Call two positions on a sudoku grid adjacent when they are in the same row or column or box. Then two adjacent positions have different values. Recall that we used 'pair' (for some digit d) for two adjacent positions one of which must contain d.

Suppose we have a chain A=B-C=D (or A=B-C=D-E=F etc.), where every odd link is a pair (for the same digit d) and the remaining links are ordinary adjacencies. Then a common neighbour of the two ends of the chain is not d.

(Indeed, if for example the chain is A=B-C=D-E=F and X is adjacent to both A and F so that we have X-A=B-C=D-E=F-X, and X is d, then A is not, so B is, so C is not, ..., so F is, so X is not.)

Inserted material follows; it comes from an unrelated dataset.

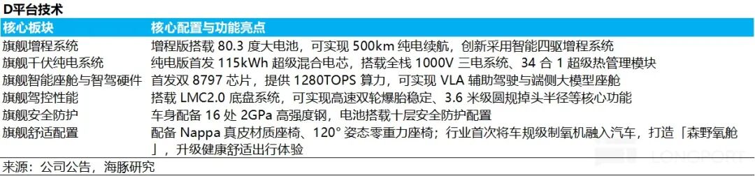 a) Premium D-series (models priced above RMB 200,000): This platform is key to Leapmotor's brand upscaling and model mix improvement, featuring six core technologies such as large-battery extended-range systems, 1000V high-voltage platforms, and 1280TOPS high-computing-power autonomous driving chips. The first model, the full-size 'D19' SUV, will launch in April 2026, followed by the large 'D99' MPV.
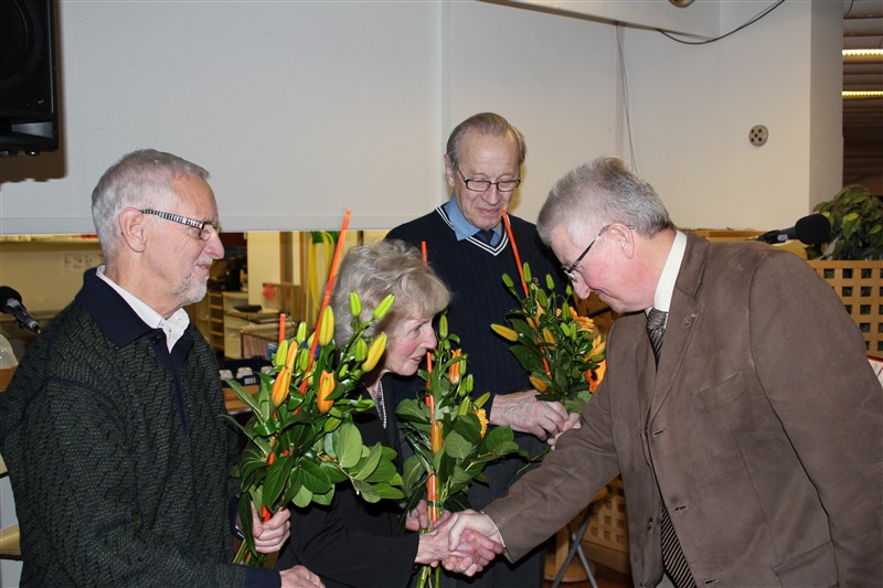 Uppvaktning av födelsedagsbarnen Rolf Westerlind, Gun Nordling och Martin Wiklund

Terminology The forcing chains described above are called 'x-cycles'.

Look at an example.

The starting configuration leads without problems to the situation on the right. It has the chain P=Q-R=S for the digit 2 indicated in yellow. Therefore the three common neighbours of P and S do not have a 2. We obtain

and the rest is straightforward.

(There was one more application in the same diagram, also for the digit 2, namely (8,2)=(3,2)-(3,4)=(7,4) where the three positions (7,3), (8,5), (8,6) are common neighbours of the endpoints, and consequently cannot be 2.)

Terminology This argument (for a chain of length 3) is also known as 'Turbot Fish'.